**ASSIGNMENT:** Pictures found in the material must be left out, and every line returned as written.

**SUPPLIED DATA:**
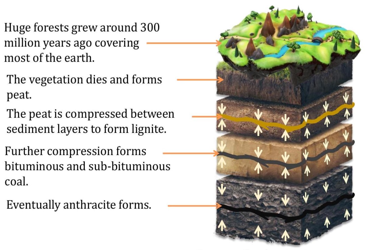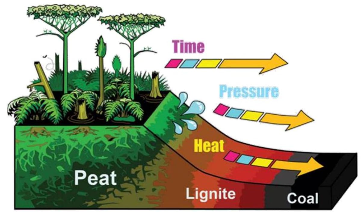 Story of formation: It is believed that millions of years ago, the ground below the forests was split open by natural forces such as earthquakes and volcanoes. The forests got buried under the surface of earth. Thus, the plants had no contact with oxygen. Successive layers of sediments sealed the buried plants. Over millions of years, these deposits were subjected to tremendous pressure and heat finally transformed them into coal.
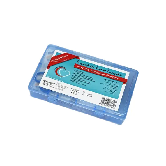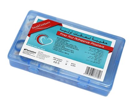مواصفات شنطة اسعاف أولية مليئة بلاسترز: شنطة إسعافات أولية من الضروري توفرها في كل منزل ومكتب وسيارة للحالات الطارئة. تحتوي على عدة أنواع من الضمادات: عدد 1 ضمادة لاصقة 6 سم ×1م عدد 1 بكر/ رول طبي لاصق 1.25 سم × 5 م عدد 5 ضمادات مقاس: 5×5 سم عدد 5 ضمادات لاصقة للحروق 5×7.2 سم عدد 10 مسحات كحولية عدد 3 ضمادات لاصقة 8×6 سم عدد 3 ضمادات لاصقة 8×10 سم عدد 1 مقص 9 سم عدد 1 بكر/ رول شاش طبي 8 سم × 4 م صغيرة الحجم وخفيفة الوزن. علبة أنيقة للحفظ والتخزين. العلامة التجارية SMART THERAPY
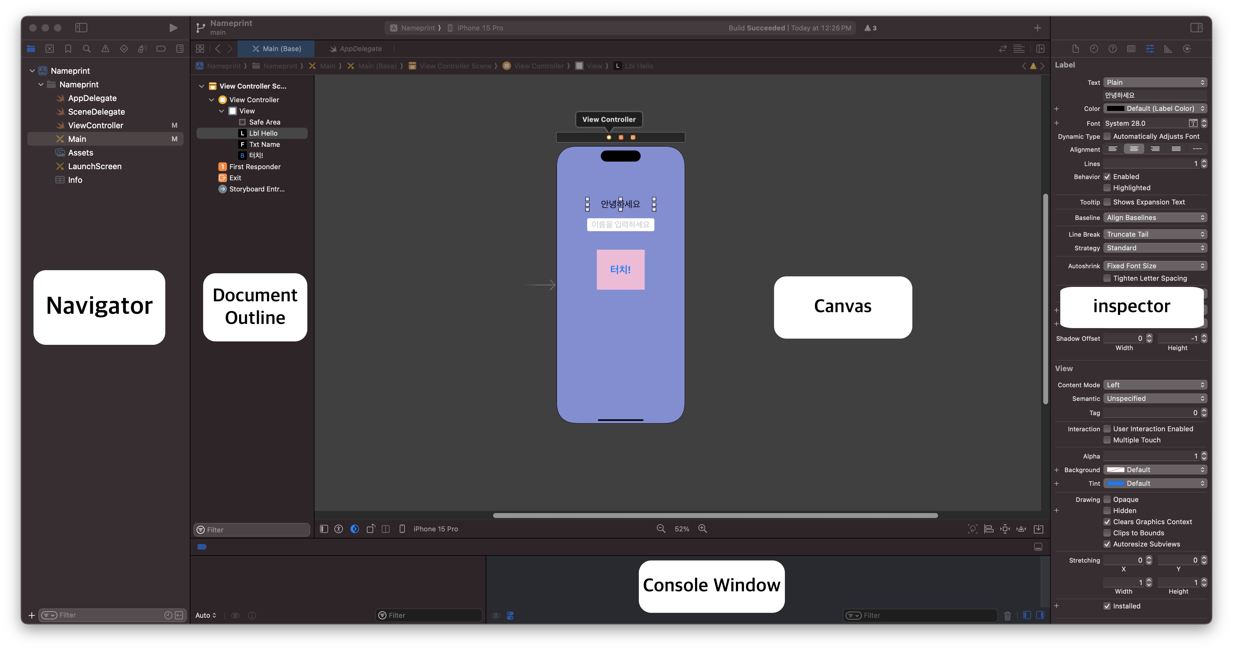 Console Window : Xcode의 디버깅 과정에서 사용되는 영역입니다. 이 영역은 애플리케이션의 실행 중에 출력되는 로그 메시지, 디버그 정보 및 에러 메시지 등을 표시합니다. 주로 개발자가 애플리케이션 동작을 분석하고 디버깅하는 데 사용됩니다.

**ANSWER FOR THE TASK:**
 Story of formation: It is believed that millions of years ago, the ground below the forests was split open by natural forces such as earthquakes and volcanoes. The forests got buried under the surface of earth. Thus, the plants had no contact with oxygen. Successive layers of sediments sealed the buried plants. Over millions of years, these deposits were subjected to tremendous pressure and heat finally transformed them into coal.
مواصفات شنطة اسعاف أولية مليئة بلاسترز: شنطة إسعافات أولية من الضروري توفرها في كل منزل ومكتب وسيارة للحالات الطارئة. تحتوي على عدة أنواع من الضمادات: عدد 1 ضمادة لاصقة 6 سم ×1م عدد 1 بكر/ رول طبي لاصق 1.25 سم × 5 م عدد 5 ضمادات مقاس: 5×5 سم عدد 5 ضمادات لاصقة للحروق 5×7.2 سم عدد 10 مسحات كحولية عدد 3 ضمادات لاصقة 8×6 سم عدد 3 ضمادات لاصقة 8×10 سم عدد 1 مقص 9 سم عدد 1 بكر/ رول شاش طبي 8 سم × 4 م صغيرة الحجم وخفيفة الوزن. علبة أنيقة للحفظ والتخزين. العلامة التجارية SMART THERAPY
 Console Window : Xcode의 디버깅 과정에서 사용되는 영역입니다. 이 영역은 애플리케이션의 실행 중에 출력되는 로그 메시지, 디버그 정보 및 에러 메시지 등을 표시합니다. 주로 개발자가 애플리케이션 동작을 분석하고 디버깅하는 데 사용됩니다.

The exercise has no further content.